If you're opening this Notebook on colab, you will probably need to install 🤗 Transformers as well as some other libraries. Uncomment the following cell and run it.

In [1]:
import os
os.getcwd()

'/home/evlasova/hack'

If you're opening this notebook locally, make sure your environment has an install from the last version of those libraries.

To be able to share your model with the community and generate results like the one shown in the picture below via the inference API, there are a few more steps to follow.
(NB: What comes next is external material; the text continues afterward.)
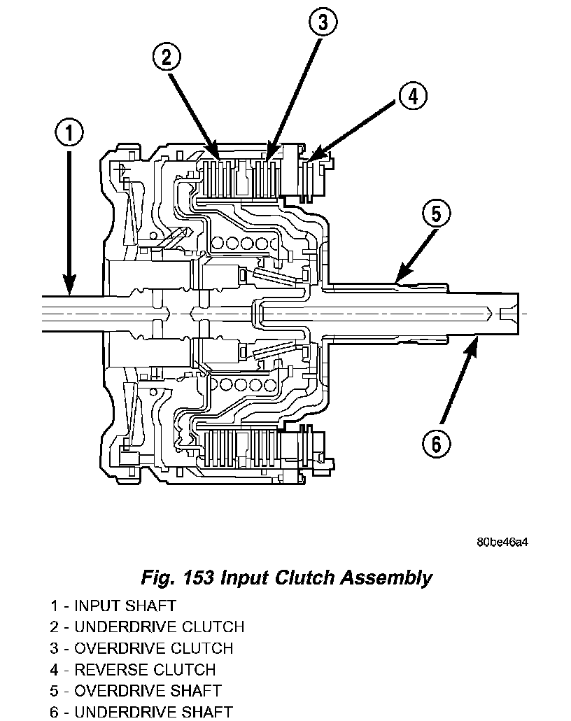 Three hydraulically applied input clutches are used to drive planetary components. The underdrive, overdrive, and reverse clutches are considered input clutches and are contained within the input clutch assembly (Fig. 153). The input clutch assembly also contains: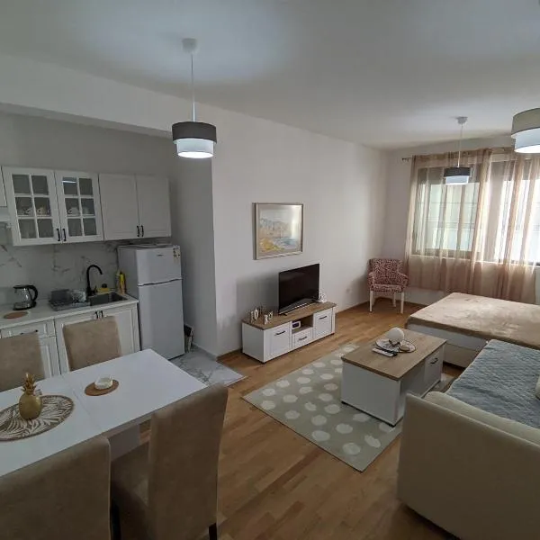Apartman Klara tọa lạc ở Petrovac na Moru, cách Bãi biển Petrovac 4 phút đi bộ, cung cấp sân hiên, khu vườn, cùng Wi-Fi miễn phí. Khách lưu trú tại căn hộ này có thể sử dụng sân trong.

First you have to store your authentication token from the Hugging Face website (sign up here if you haven't already!) then execute the following cell and input your username and password:

In [2]:
# import os
# os.environ["HUGGING_FACE_HUB_TOKEN"] = "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"

In [3]:
from huggingface_hub import login

login('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')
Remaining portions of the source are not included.